Spikey smells very musky, more of an animal smell than the girls seem to have. Snowy doesn't like noses near her, so I haven't smelled her...the first time I put my nose near her, she bit me and my poor nose was gushing blood.


----------



## BlaineC (Feb 10, 2011)

I think my baby smells almost like brown sugar....or something sweet......definetly not a stinky smell for sure...... :lol:


----------



## pooka dotted (Jan 5, 2011)

Fuzzie doesn't like anything near her... especially camo objects... reminds her of 'Nam. 

BUT YEA Napoleons smell is so GOOD! I like the smell too! lol


----------



## pearlthehedgie (Feb 15, 2011)

YES! She does smell like walnuts if you stick your nose right in those quills! Never would have thought of that on my own...


----------



## zorropirate (Aug 13, 2010)

So I've been thinking about this since last night, how strange. HAHAH> anyhoo, after many many deep inhales of Daisy today I concur that she does have a nutty odor too!! I'd say not walnut, but more of a pecan nut shell smell!!! 
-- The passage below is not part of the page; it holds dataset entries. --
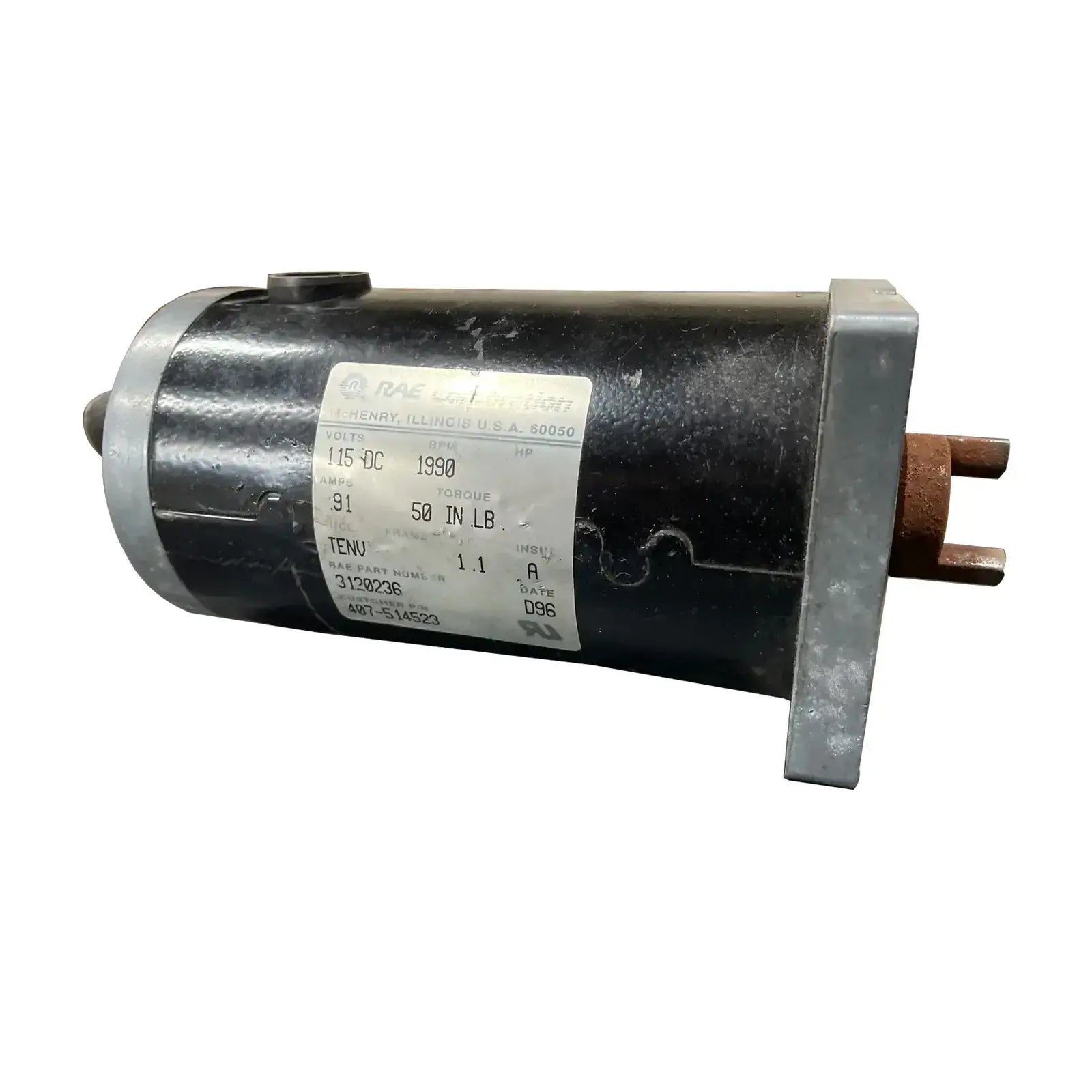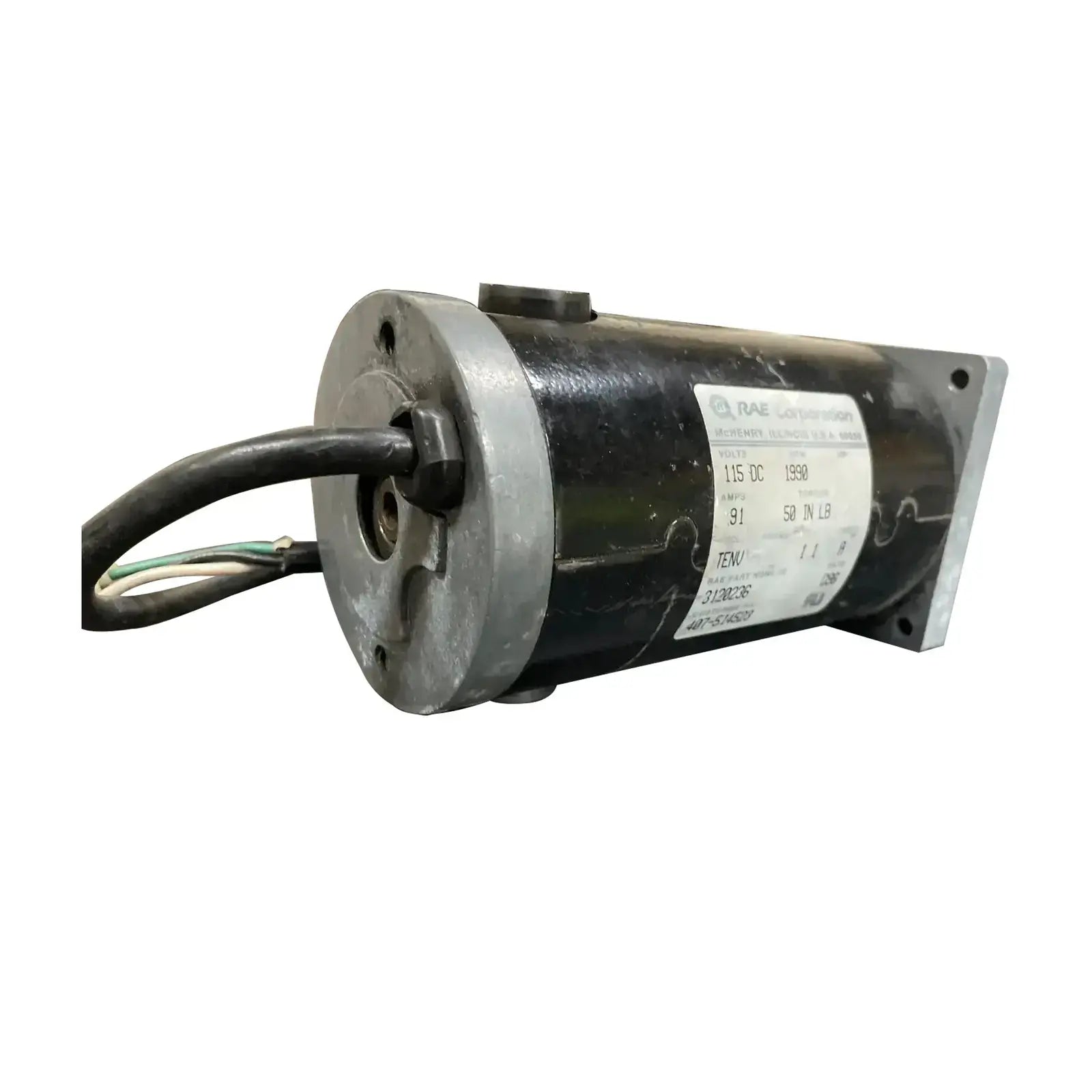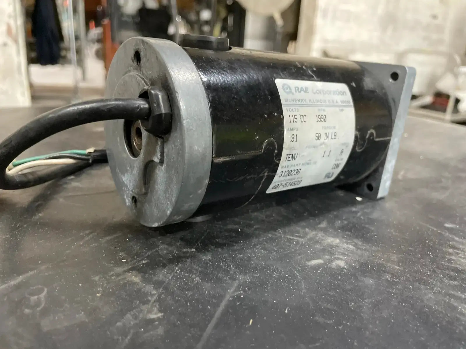 RAE Corporation DC Motor. Volts: 115 DC. RPM: 1990. Amps: .91. Torque: 50 in LB. RAE Corporation Part Number: 3120236. Customer P/N: 407-514523. Date: D96.
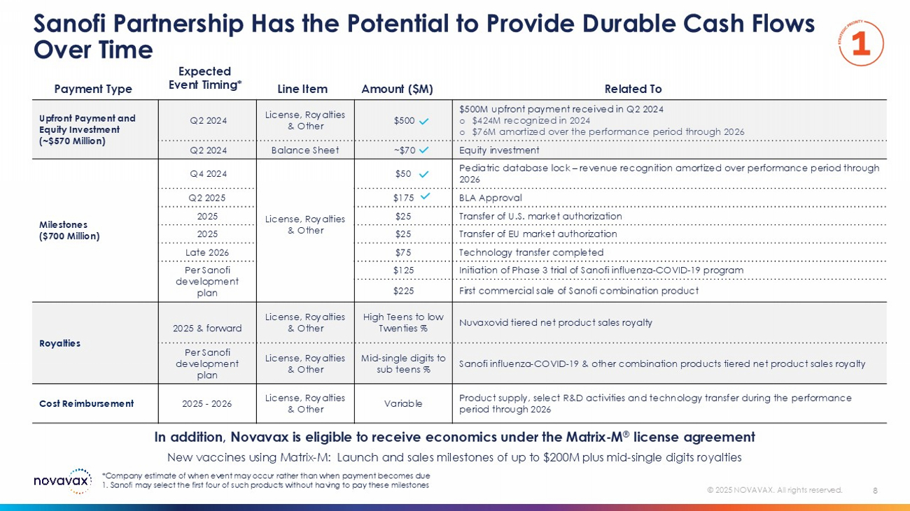 Sanofi P artnership has the Potential to Drive Growth Through Multiple Revenue Streams 7 License to co - commercialize Novavax’s current stand - alone adjuvanted COVID - 19 vaccine worldwide* License to Novavax’s adjuvanted COVID - 19 vaccine for use in combination with Sanofi’s flu and other vaccines Non - exclusive license to use the Matrix - M ® adjuvant in vaccine products Sanofi took a minority (<5%) equity investment in Novavax * Except in countries with existing Advance Purchase Agreements and in India, Japan, and South Korea where Novavax has existi ng partnership agreements Future partnerships will further validate our technology platform and have the potential to provide significant opportunity to drive value creation, increase access to our technology and benefit global health © 2025 NOVAVAX. All rights reserved.
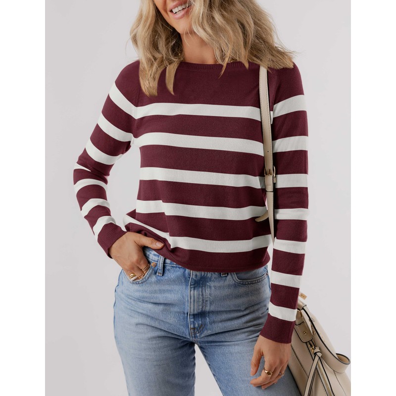 - This basic striped sweater is an indispensable item in your fall and winter closet! The trendy sweater tops feature a striped design, loose fit style, long sleeve, crew neckline, ribbed knit texture, short length, trendy and casual
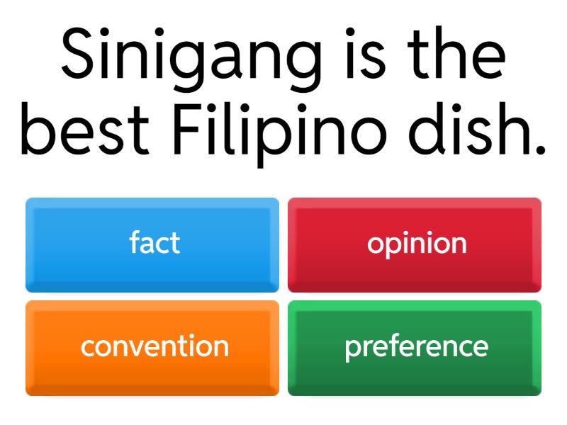 1) Sinigang is the best Filipino dish. a) fact b) opinion c) convention d) preference 2) Jose Rizal was executed at Bagumbayan (now Luneta) on December 30, 1896. a) fact b) opinion c) convention d) preference 3) The Philippines declared independence from Spain on June 12, 1898. a) fact b) opinion c) convention d) preference 4) I prefer wearing Barong Tagalog over a suit for formal occasions. a) fact b) opinion c) convention d) preference 5) The jeepney is a common mode of transportation in the Philippines. a) fact b) opinion c) convention d) preference 6) One of the effects of excessive greenhouse gases is global warming. a) factual b) opinion c) convention d) preference 7) It is better to cheat that to repeat. a) fact b) opinion c) convention d) preference 8) Fasting is a way for the Indians to express their gratitude to their gods and goddesses. a) fact b) opinion c) convention d) preference 9) Euthanasia should be legalized in every country as it is only aims to aid people who experience too much suffering. a) fact b) opinion 10) Cyberbullying is the most prevalent problem in the world right now. a) fact b) opinion

So that's my conclusion, Daisy smells like pecan shells!!


----------



## cylaura (Jan 13, 2011)

Judi said:


> Spikey smells very musky, more of an animal smell than the girls seem to have. Snowy doesn't like noses near her, so I haven't smelled her...the first time I put my nose near her, she bit me and my poor nose was gushing blood.


On one of his first days home, Liam bit my bfs earlobe - not a fun experience for either of them. :shock:

I am intrigued by all these smells though... as soon as I get home I'm going to have to get Liam out and take a whiff! :lol:


----------



## Olympia (Aug 4, 2010)

Clémentine doesn`t smell like much but Zoé totally smells like she`s been smoked! You know, kind of like smoked almonds and it smells a lot stronger after her bath when she`s wet. In fact, the first time I gave her a bath, I thought it was the smell of the pet shop I got her from so I washed her a second time to try to get rid of it. Poor baby, she hates baths and I gave her a double dose for nothing!


----------



## KathyTNY (Jan 21, 2011)

Until I figured out how to tilt the CSWheel so the pee runs out of the wheel, my poor Tiggy smelled like an elderly woman who had not bathed in weeks!!!!! :lol: :lol: :lol: I was giving her baths all the time and thank goodness Larry - CSW creator came to Tiggy's rescue!

Since Larry gave me the little hint to tip the wheel - she smells nutty and musky at the same time. I was curious on all the answers so I must now go and check it out again today when I get home!!

Kathy


----------